● **Problem details**: Exactly the lines from the start of the data below through the line that contains "古崢總經理向參觀團詳細介紹了" are to be copied, with pictures left out.

● **Data for the task**:
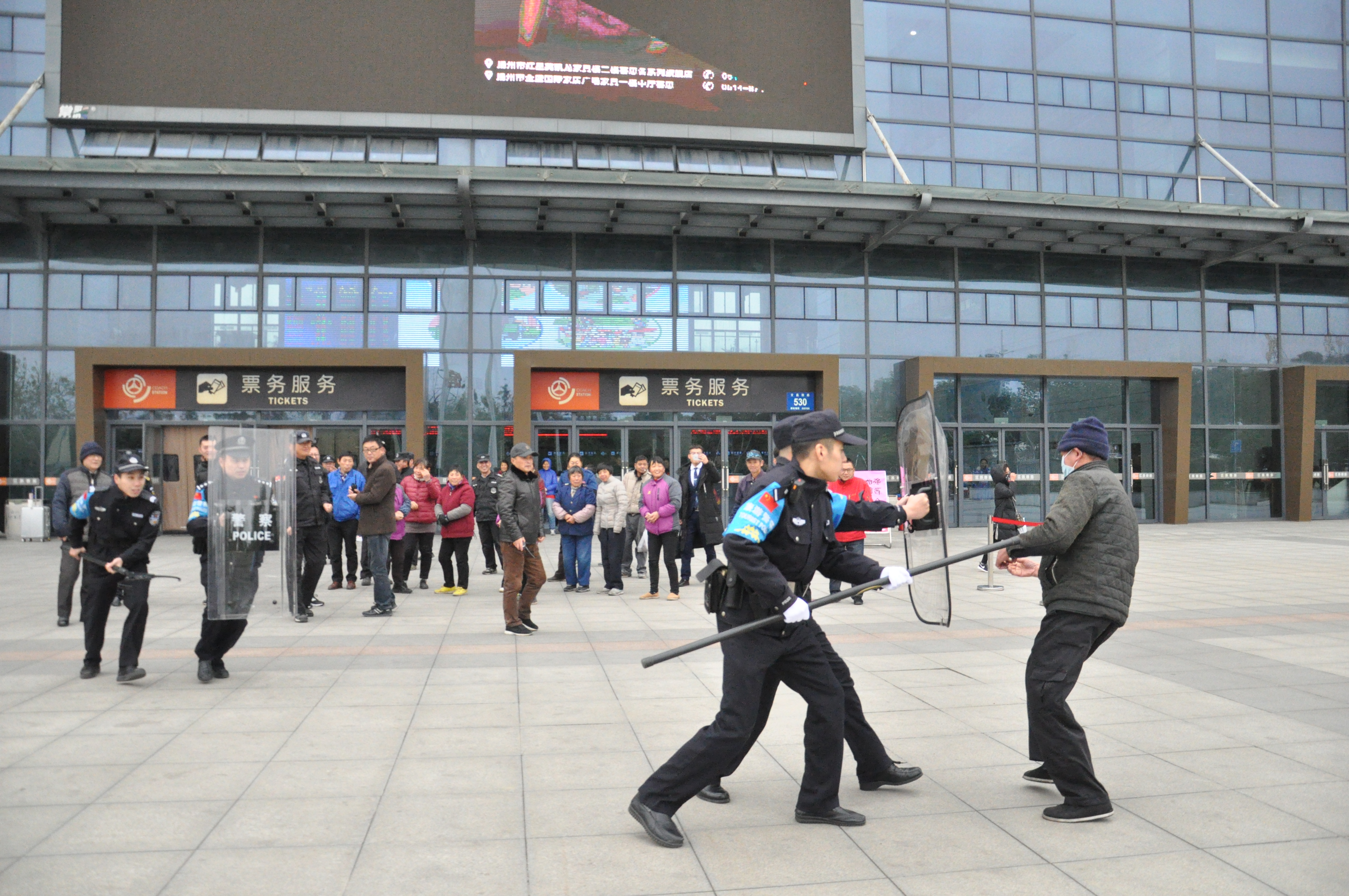 為有效防范公共場所可能發(fā)生的暴力恐怖事件,加強車站工作人員安全防范意識,提高對突發(fā)事件的應急處置能力,12月7日下午,揚州站聯合揚州市公安局公交治安分局汽車總站派出所,在站前廣場開展年度反恐防暴演練。
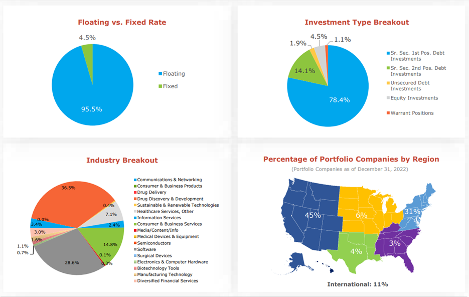 As you can see below, the majority of the loans provided by Hercules are floating rate (a good thing in a rising interest rate environment) and they are diversified across a variety of industries and geographies (easier for Hercules to do considering its relatively larger size as compared to most other BDCs).
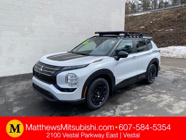 White Diamond/Black Roof 2026 Mitsubishi Outlander Trail Edition AWD CVT 1.5L I4 Turbocharged DOHC 16V LEV3-SULEV30 174hp 1.5L I4 Turbocharged DOHC 16V LEV3-SULEV30 174hp, AWD, ABS brakes, Active Cruise Control, Alloy wheels, Compass, Electronic Stability Control, Front dual zone A/C, Heated door mirrors, Heated Front Bucket Seats, Heated front seats, Illuminated entry, Low tire pressure warning, Navigation System, Power Liftgate, Remote keyless entry, Traction control.
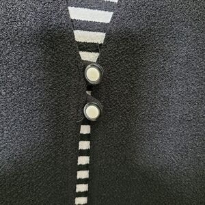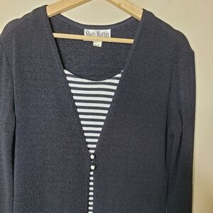 This vintage Sheri Martin dress delivers serious retro drama with its structured look—but it’s all one piece. The black body is accented by an attached black-and-white striped panel that gives the illusion of a cropped jacket layered over a sleek dress. Two cute buttons complete the throwback charm.
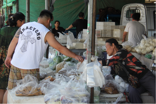 走进集市,感受到浓浓的乡村烟火气。初升的阳光驱散云层,和煦的微风轻拂新高,村民们早早地开始了新的一天生活。一大早,集市内人声鼎沸,周围的村民们聚集此处,采购新鲜的食材、衣物和生活用品等。在集市旁的代县滹沱河湿地公园附近的家禽市场,商贩们忙于推销介绍鸡鸭鸟兔。团队成员在这里感受到了当地人的朴实和热情,用相机捕捉了许多富有生活气息的瞬间。
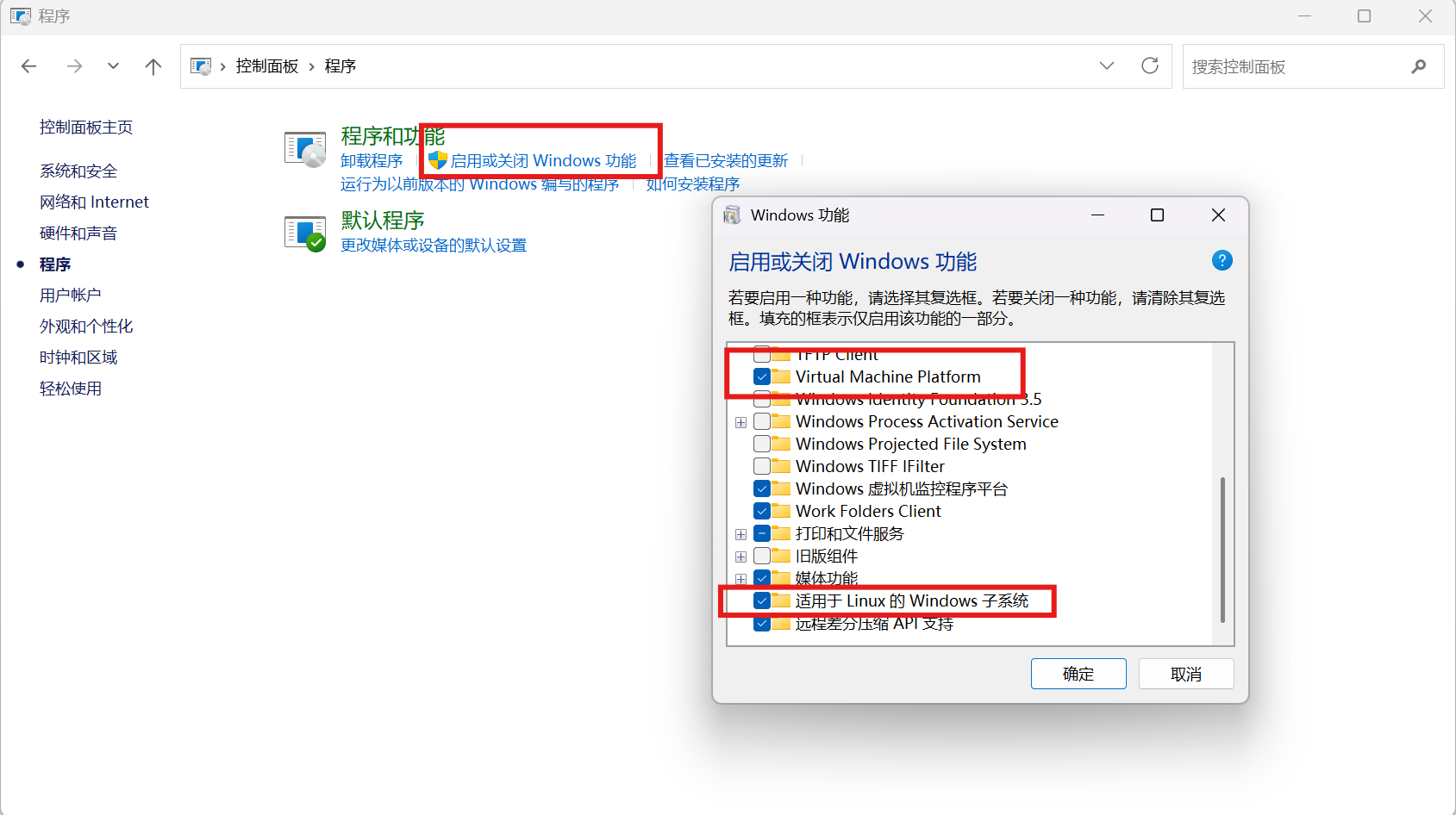 开启“虚拟机平台”(由于Windows11 版本不一致,部分版本该选项为英文 “Virtual Machine Platform”,如下图所示)和“适用于Linux的Windows子系统”两个配
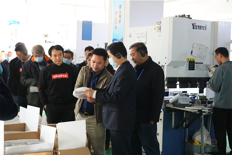 古崢總經理向參觀團詳細介紹了企業的設計研發、生產制造等相關情況,就企業的發展前景及規劃進行了交流,固而美一直履行著“快速交付 精益求精”的經營理念,以“讓產品從外觀上追上德國,為中國制作2025加分”為使命,立志成為中國金屬殼體行業標桿企業。公司擁有自主研發的OA管理系統及VPS系統,具有強大的數字化生產經營能力。
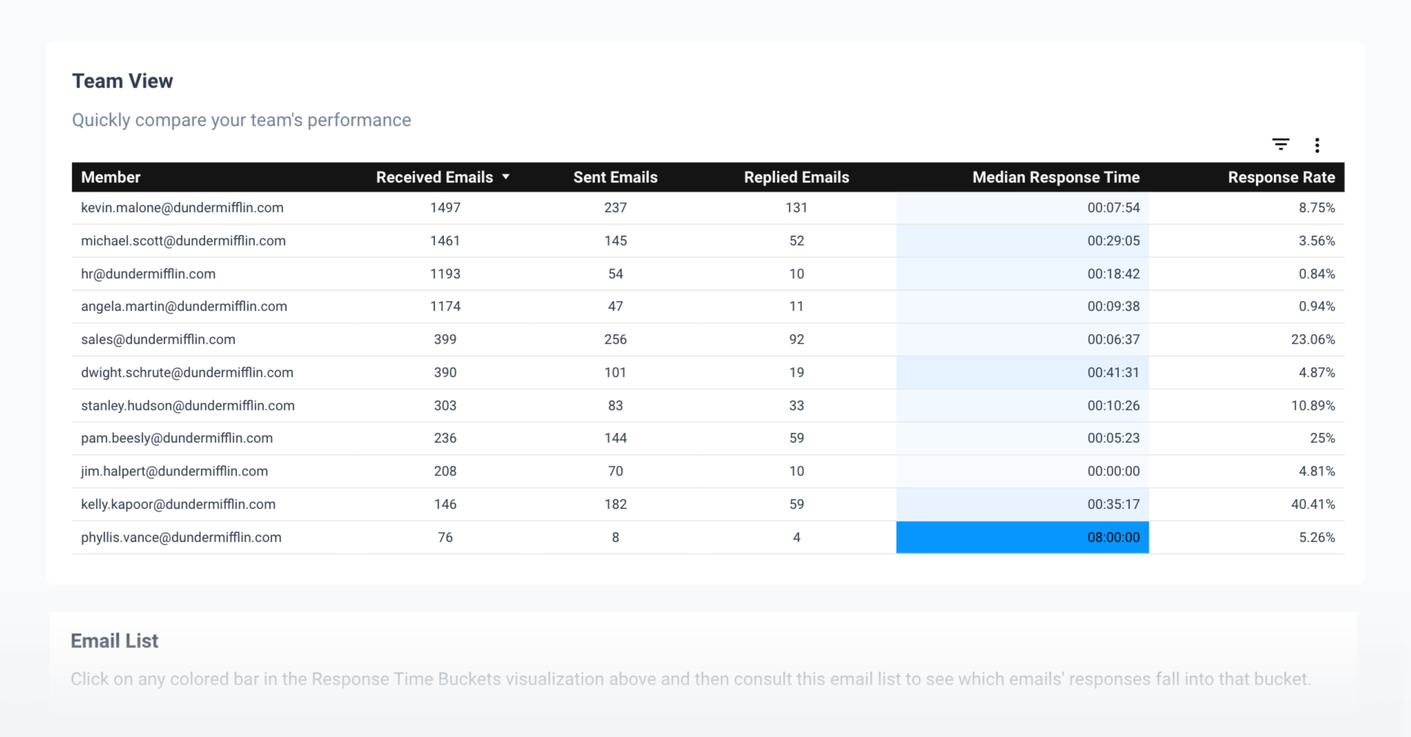 What percentage of received emails does each team member reply to? A low response rate is often the first visible signal of an overloaded inbox. Combined with volume data, it tells you whether someone is struggling to keep up or simply deprioritising certain types of emails.
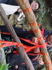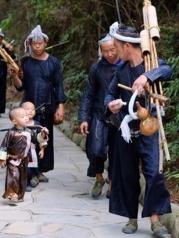 在岜沙苗寨,每出生一個(gè)孩子,其父母就會(huì)種下一棵樹,作為孩子的“生命樹”,陪伴孩子成長(zhǎng);逢年過(guò)節(jié)或是孩子身體不適,其父便把孩子帶到荷樹旁進(jìn)行祭拜,或是“喊魂”“撿魂”,祈求樹神保佑健康;一直到舉行完成人禮后結(jié)束。如果孩子過(guò)世了,家人就砍掉那棵樹,用于埋葬逝者,再在墳頭種上一棵新的樹苗,表示生命以另一種形式延續(xù),稱為樹葬。在他們的觀念中,一切來(lái)自自然,一切回歸自然!全寨沒(méi)有一個(gè)理發(fā)店,田間地頭老少爺們相互用鐮刀給對(duì)方剃頭,至今仍保留這一習(xí)俗。
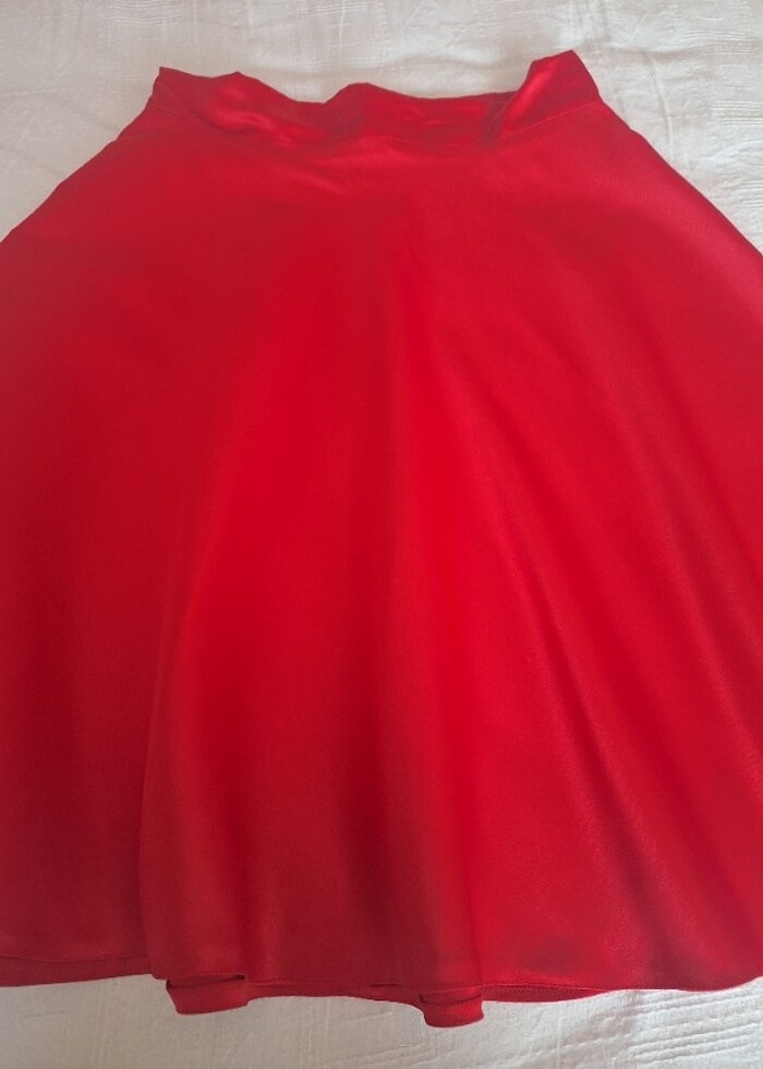 Bir aktivite için dikilmiş saten kloş kırmızı etek.
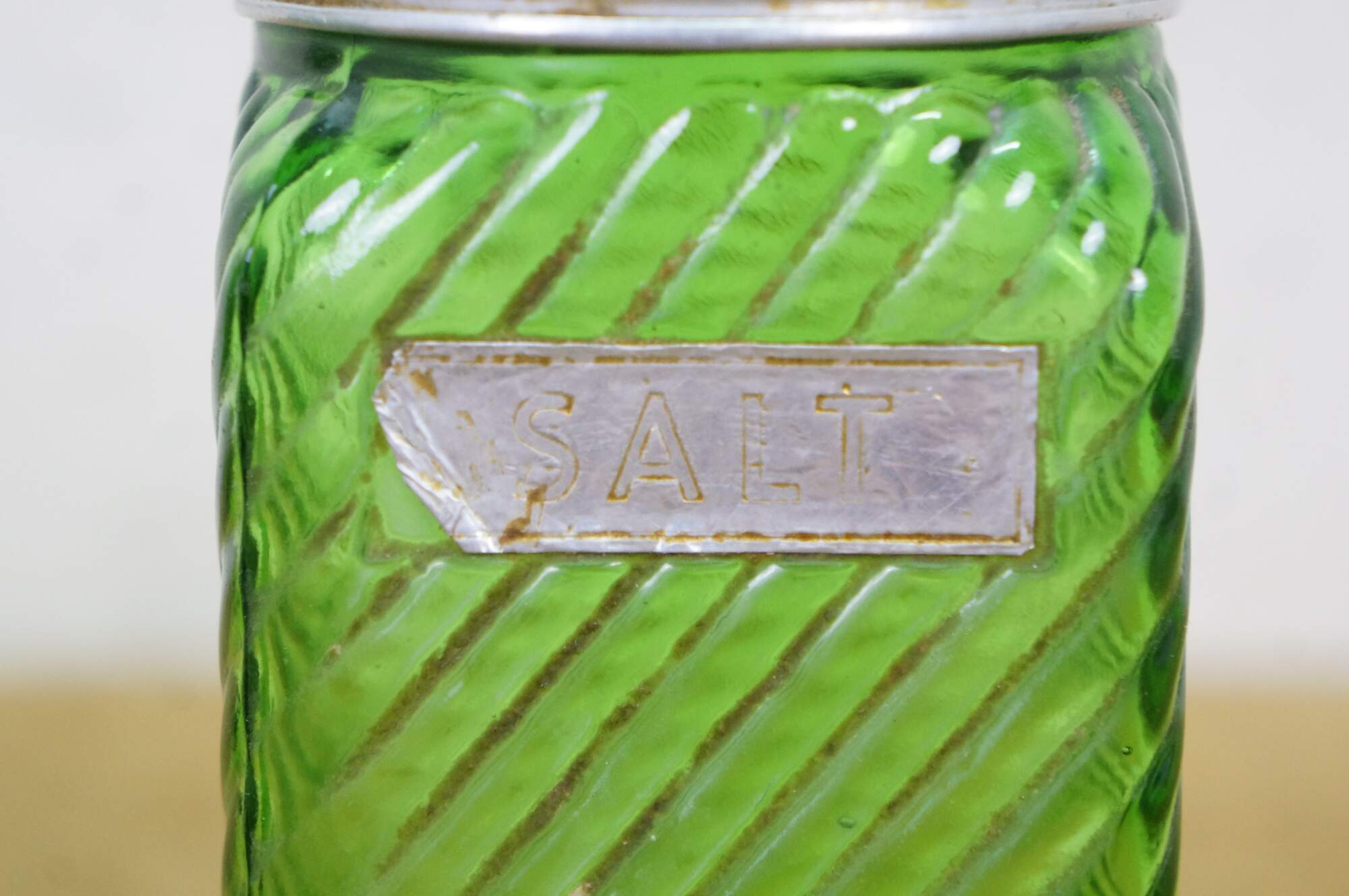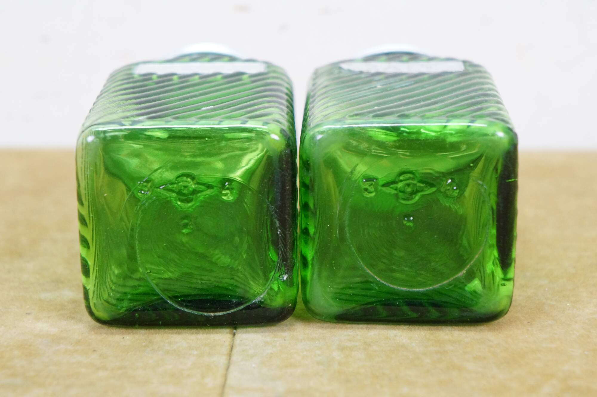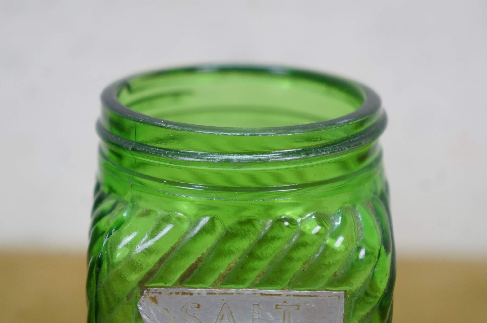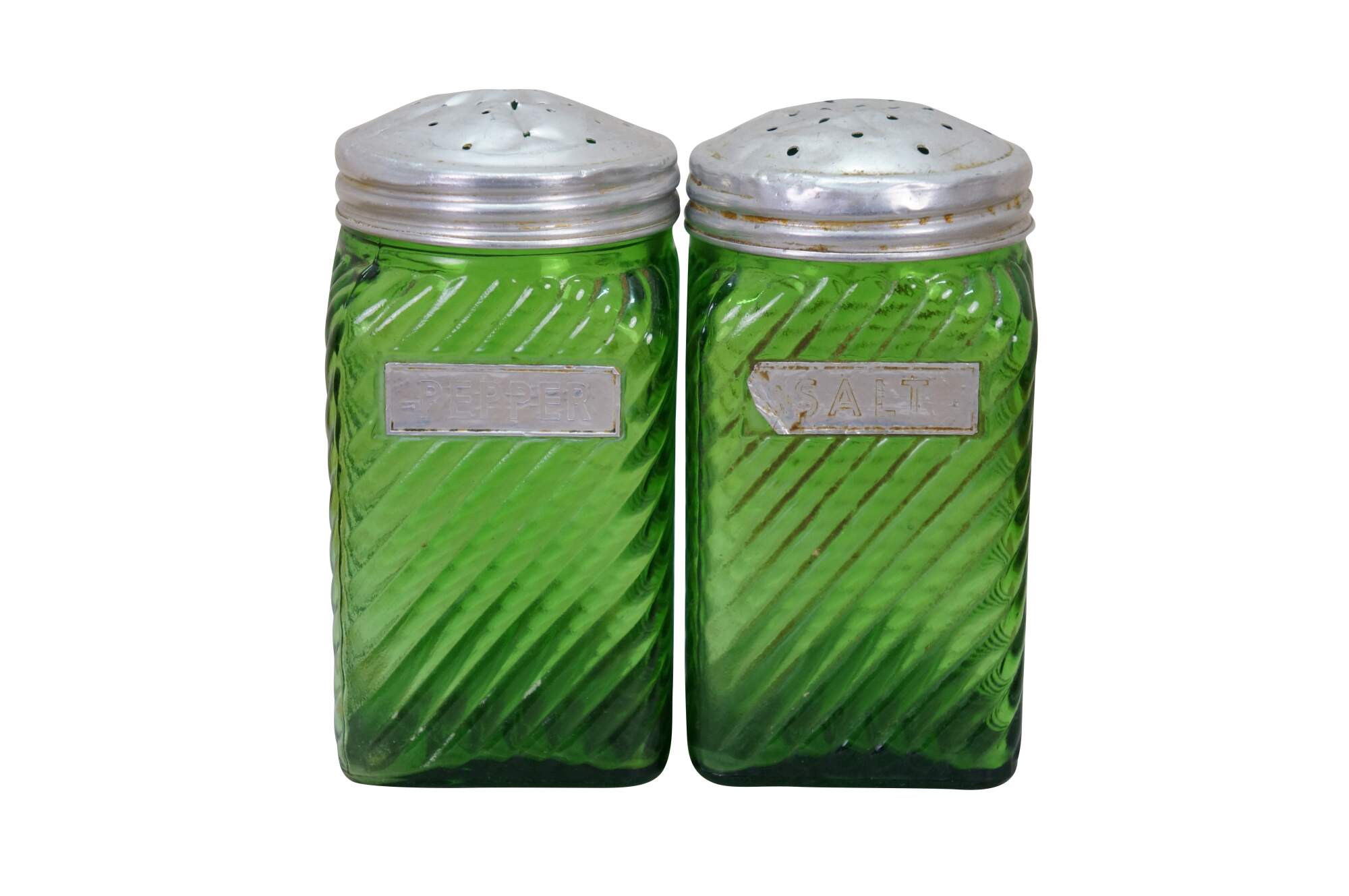 Two Antique Owens Illinois Hoosier Green Ribbed Glass Sugar Salt Pepper Spice Shakers.

● **Finished task**:
 為有效防范公共場所可能發(fā)生的暴力恐怖事件,加強車站工作人員安全防范意識,提高對突發(fā)事件的應急處置能力,12月7日下午,揚州站聯合揚州市公安局公交治安分局汽車總站派出所,在站前廣場開展年度反恐防暴演練。
 As you can see below, the majority of the loans provided by Hercules are floating rate (a good thing in a rising interest rate environment) and they are diversified across a variety of industries and geographies (easier for Hercules to do considering its relatively larger size as compared to most other BDCs).
 White Diamond/Black Roof 2026 Mitsubishi Outlander Trail Edition AWD CVT 1.5L I4 Turbocharged DOHC 16V LEV3-SULEV30 174hp 1.5L I4 Turbocharged DOHC 16V LEV3-SULEV30 174hp, AWD, ABS brakes, Active Cruise Control, Alloy wheels, Compass, Electronic Stability Control, Front dual zone A/C, Heated door mirrors, Heated Front Bucket Seats, Heated front seats, Illuminated entry, Low tire pressure warning, Navigation System, Power Liftgate, Remote keyless entry, Traction control.
 This vintage Sheri Martin dress delivers serious retro drama with its structured look—but it’s all one piece. The black body is accented by an attached black-and-white striped panel that gives the illusion of a cropped jacket layered over a sleek dress. Two cute buttons complete the throwback charm.
 走进集市,感受到浓浓的乡村烟火气。初升的阳光驱散云层,和煦的微风轻拂新高,村民们早早地开始了新的一天生活。一大早,集市内人声鼎沸,周围的村民们聚集此处,采购新鲜的食材、衣物和生活用品等。在集市旁的代县滹沱河湿地公园附近的家禽市场,商贩们忙于推销介绍鸡鸭鸟兔。团队成员在这里感受到了当地人的朴实和热情,用相机捕捉了许多富有生活气息的瞬间。
 开启“虚拟机平台”(由于Windows11 版本不一致,部分版本该选项为英文 “Virtual Machine Platform”,如下图所示)和“适用于Linux的Windows子系统”两个配
 古崢總經理向參觀團詳細介紹了企業的設計研發、生產制造等相關情況,就企業的發展前景及規劃進行了交流,固而美一直履行著“快速交付 精益求精”的經營理念,以“讓產品從外觀上追上德國,為中國制作2025加分”為使命,立志成為中國金屬殼體行業標桿企業。公司擁有自主研發的OA管理系統及VPS系統,具有強大的數字化生產經營能力。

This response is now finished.